[Opening Records supplied section]

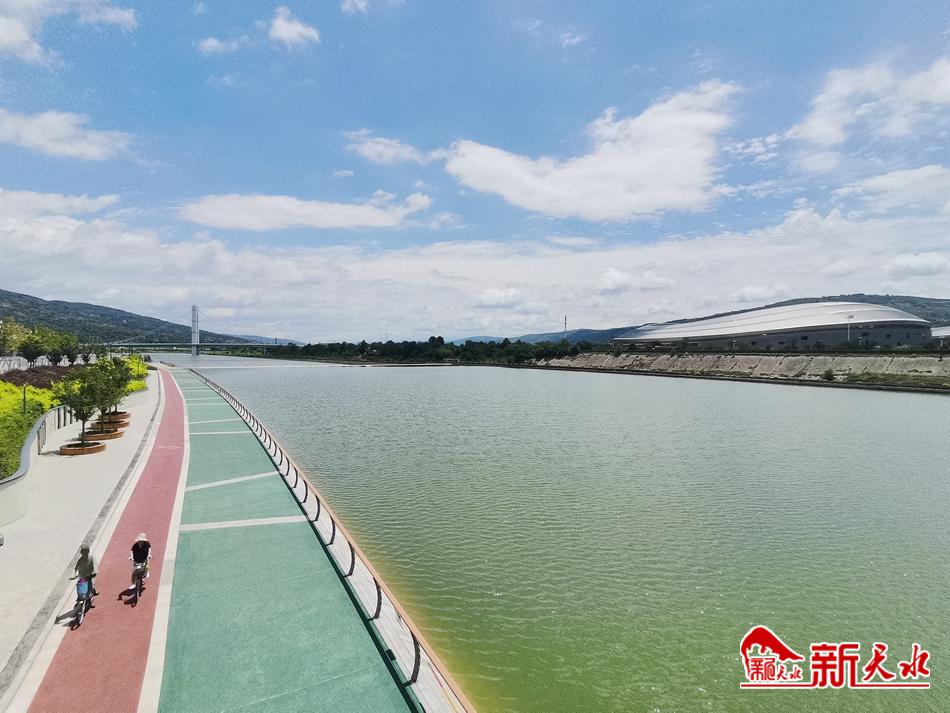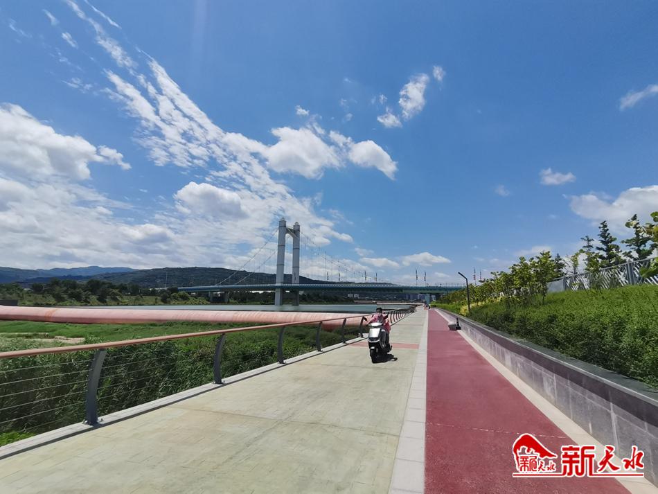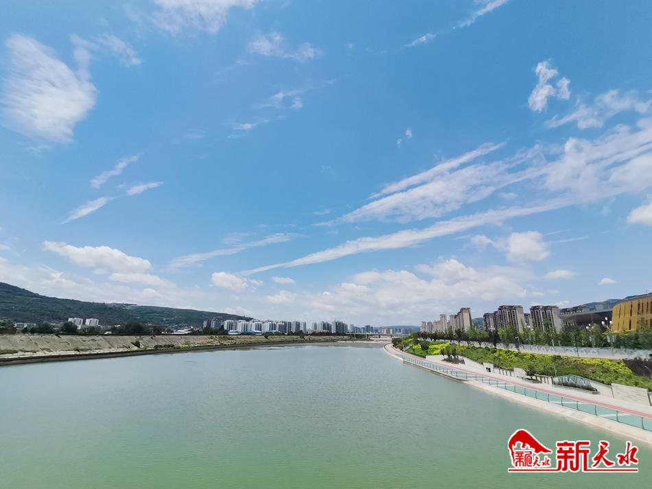 7月19日,几场降雨过后的古城天水,天蓝水碧,白云悠悠,空气清新,从藉河风情线远眺,蓝天为幕,水天一色,“天水蓝”惹人醉。
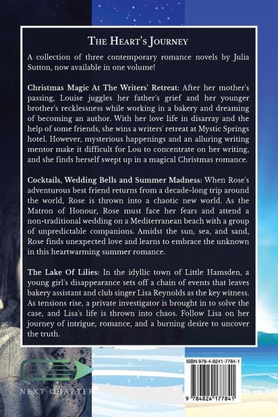 A collection of three contemporary romance novels by Julia Sutton, now available in one volume! Christmas Magic At The Writers' Retreat: After her mother's passing, Louise juggles her father's grief and her younger brother's recklessness while working in a bakery and dreaming of becoming an author. With her love life in disarray and the help of some friends, she wins a writers' retreat at Mystic Springs hotel. However, mysterious happenings and an alluring writing mentor make it difficult for Lou to concentrate on her writing, and she finds herself swept up in a magical Christmas romance. Cocktails, Wedding Bells and Summer Madness: When Rose's adventurous best friend returns from a decade-long trip around the world, Rose is thrown into a chaotic new world. As the Matron of Honour, Rose must face her fears and attend a non-traditional wedding on a Mediterranean beach with a group of unpredictable companions. Amidst the sun, sea, and sand, Rose finds unexpected love and learns to embrace the unknown in this heartwarming summer romance. The Lake Of Lilies: In the idyllic town of Little Hamsden, a young girl's disappearance sets off a chain of events that leaves bakery assistant and club singer Lisa Reynolds as the key witness. As tensions rise, a private investigator is brought in to solve the case, and Lisa's life is thrown into chaos. Follow Lisa on her journey of intrigue, romance, and a burning desire to uncover the truth.
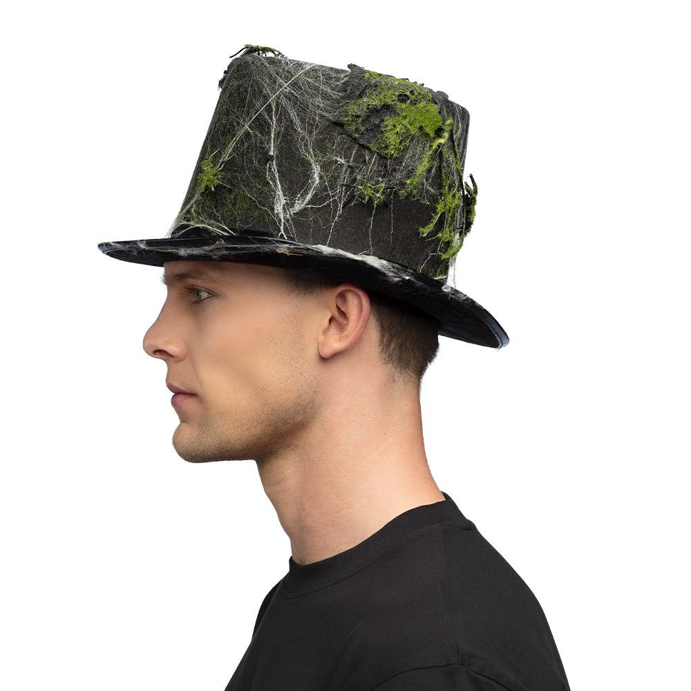 Mit Spinnweben, Moos-Akzenten und einem verwitterten Look sieht dieser Hut aus, als wäre er direkt aus einem gruseligen Sumpf gerupft worden. In Kombination mit einem düsteren Zombiekostüm oder einem gruseligen Magieroutfit sorgt dieser Zylinder für den perfekten finsteren Look. Ein Muss für jede Halloweenparty, Süßes-oder-Saures-Parade oder Spukhaus.
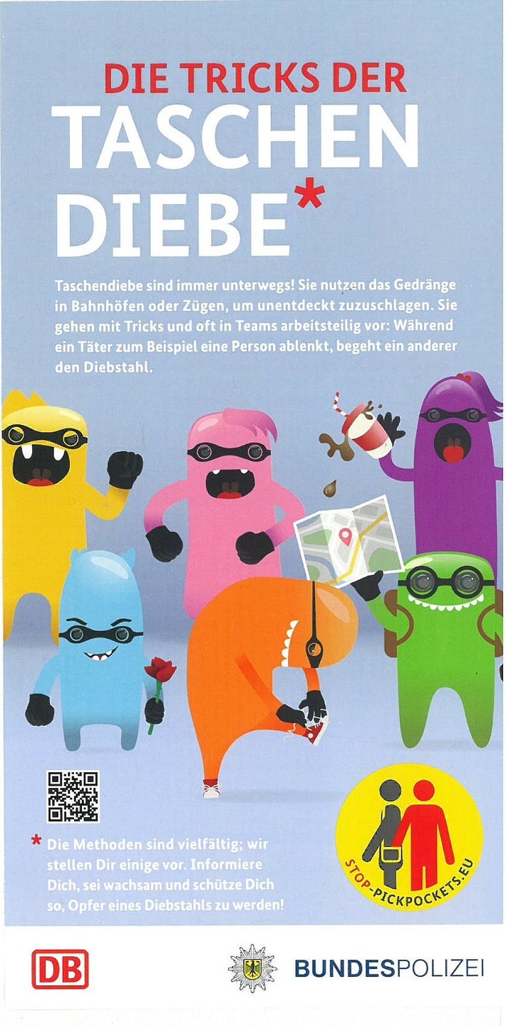 Am Stand der Bundespolizei werden Reisende über die Tricks der „Langfinger“ informiert, was durch Flyer einer europaweiten Kampagne unter dem Link: www.stopp-pickpockets.eu mit eigens erschaffenen bunten Monstern jedem eindrucksvoll vermittelt wird.
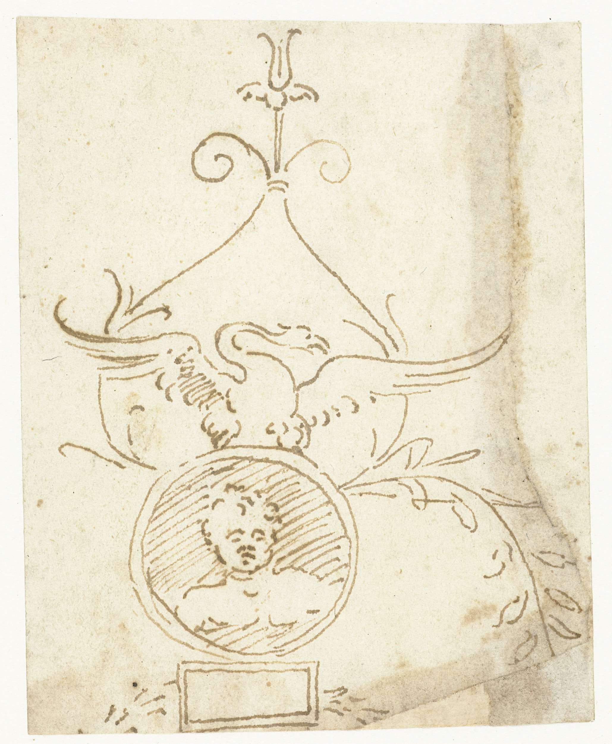 Deel van ornamentale paneelvulling met een putto in ...
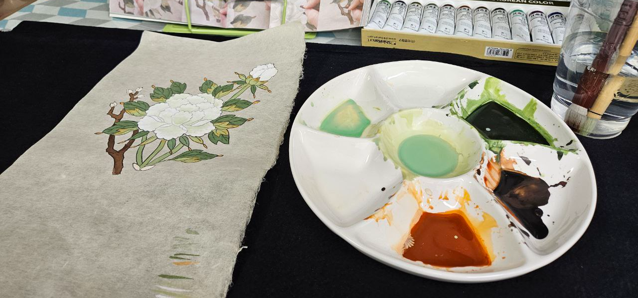 ‘호분’, ‘연지’, ‘청자’, ‘백록’처럼 고운 이름의 물감들, 조용히 스며들듯 덧칠하는 바림의 시간, 그리고 도자기 팔레트 위에 펼쳐진 고요한 색감들은 마치 “천천히 쉬어가도 괜찮다”고 다정하게 말해주는 것 같았습니다.
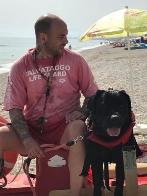 Si chiamano Buck e Becky e insieme a Christian Cavina, il loro umano, fanno parte di un’unità cinofila addestrata a soccorrere persone in mare. Una squadra speciale di labrador che affianca e lavora per tutta l’estate con il conduttore in torretta. Cani-bagnino che con il baywatch scrutano l’orizzonte e sono capaci di salvare vite in acqua. «Per me e Buck è la seconda stagione di lavoro, mentre Becky ha ottenuto il brevetto lo scorso mese di Maggio – racconta Christian, 44 anni, una passione per lo sport e il mare – Lavoriamo a Marina di Montemarciano, nello stabilimento ‘Chateau Chateur’ (ex Waikiki), mentre l’anno scorso abbiamo lavorato alla Polizia e alla Marina Militare. Buck, 5 anni e Becky quasi 4, si alternano nell’affiancamento. Siamo l’unica unita cinofila operativa in tutte le Marche a lavorare in torretta non come volontari, brevettati con la Salvamento Genova». Sulla spiaggia i bagnanti accarezzano i due cani e sono incuriositi dalla loro presenza, una novità per l’estate 2019. Sono sorpresi quando scoprono che per diventare ‘angeli’ del soccorso a 4 zampe in mare servono duri allenamenti da affrontare anche nel gelo invernale.

[Closing Records supplied section]

What is needed is an exact repeat of every entry above, with the pictures left out.

- Exercise answer:
 7月19日,几场降雨过后的古城天水,天蓝水碧,白云悠悠,空气清新,从藉河风情线远眺,蓝天为幕,水天一色,“天水蓝”惹人醉。
 A collection of three contemporary romance novels by Julia Sutton, now available in one volume! Christmas Magic At The Writers' Retreat: After her mother's passing, Louise juggles her father's grief and her younger brother's recklessness while working in a bakery and dreaming of becoming an author. With her love life in disarray and the help of some friends, she wins a writers' retreat at Mystic Springs hotel. However, mysterious happenings and an alluring writing mentor make it difficult for Lou to concentrate on her writing, and she finds herself swept up in a magical Christmas romance. Cocktails, Wedding Bells and Summer Madness: When Rose's adventurous best friend returns from a decade-long trip around the world, Rose is thrown into a chaotic new world. As the Matron of Honour, Rose must face her fears and attend a non-traditional wedding on a Mediterranean beach with a group of unpredictable companions. Amidst the sun, sea, and sand, Rose finds unexpected love and learns to embrace the unknown in this heartwarming summer romance. The Lake Of Lilies: In the idyllic town of Little Hamsden, a young girl's disappearance sets off a chain of events that leaves bakery assistant and club singer Lisa Reynolds as the key witness. As tensions rise, a private investigator is brought in to solve the case, and Lisa's life is thrown into chaos. Follow Lisa on her journey of intrigue, romance, and a burning desire to uncover the truth.
 Mit Spinnweben, Moos-Akzenten und einem verwitterten Look sieht dieser Hut aus, als wäre er direkt aus einem gruseligen Sumpf gerupft worden. In Kombination mit einem düsteren Zombiekostüm oder einem gruseligen Magieroutfit sorgt dieser Zylinder für den perfekten finsteren Look. Ein Muss für jede Halloweenparty, Süßes-oder-Saures-Parade oder Spukhaus.
 Am Stand der Bundespolizei werden Reisende über die Tricks der „Langfinger“ informiert, was durch Flyer einer europaweiten Kampagne unter dem Link: www.stopp-pickpockets.eu mit eigens erschaffenen bunten Monstern jedem eindrucksvoll vermittelt wird.
 Deel van ornamentale paneelvulling met een putto in ...
 ‘호분’, ‘연지’, ‘청자’, ‘백록’처럼 고운 이름의 물감들, 조용히 스며들듯 덧칠하는 바림의 시간, 그리고 도자기 팔레트 위에 펼쳐진 고요한 색감들은 마치 “천천히 쉬어가도 괜찮다”고 다정하게 말해주는 것 같았습니다.
 Si chiamano Buck e Becky e insieme a Christian Cavina, il loro umano, fanno parte di un’unità cinofila addestrata a soccorrere persone in mare. Una squadra speciale di labrador che affianca e lavora per tutta l’estate con il conduttore in torretta. Cani-bagnino che con il baywatch scrutano l’orizzonte e sono capaci di salvare vite in acqua. «Per me e Buck è la seconda stagione di lavoro, mentre Becky ha ottenuto il brevetto lo scorso mese di Maggio – racconta Christian, 44 anni, una passione per lo sport e il mare – Lavoriamo a Marina di Montemarciano, nello stabilimento ‘Chateau Chateur’ (ex Waikiki), mentre l’anno scorso abbiamo lavorato alla Polizia e alla Marina Militare. Buck, 5 anni e Becky quasi 4, si alternano nell’affiancamento. Siamo l’unica unita cinofila operativa in tutte le Marche a lavorare in torretta non come volontari, brevettati con la Salvamento Genova». Sulla spiaggia i bagnanti accarezzano i due cani e sono incuriositi dalla loro presenza, una novità per l’estate 2019. Sono sorpresi quando scoprono che per diventare ‘angeli’ del soccorso a 4 zampe in mare servono duri allenamenti da affrontare anche nel gelo invernale.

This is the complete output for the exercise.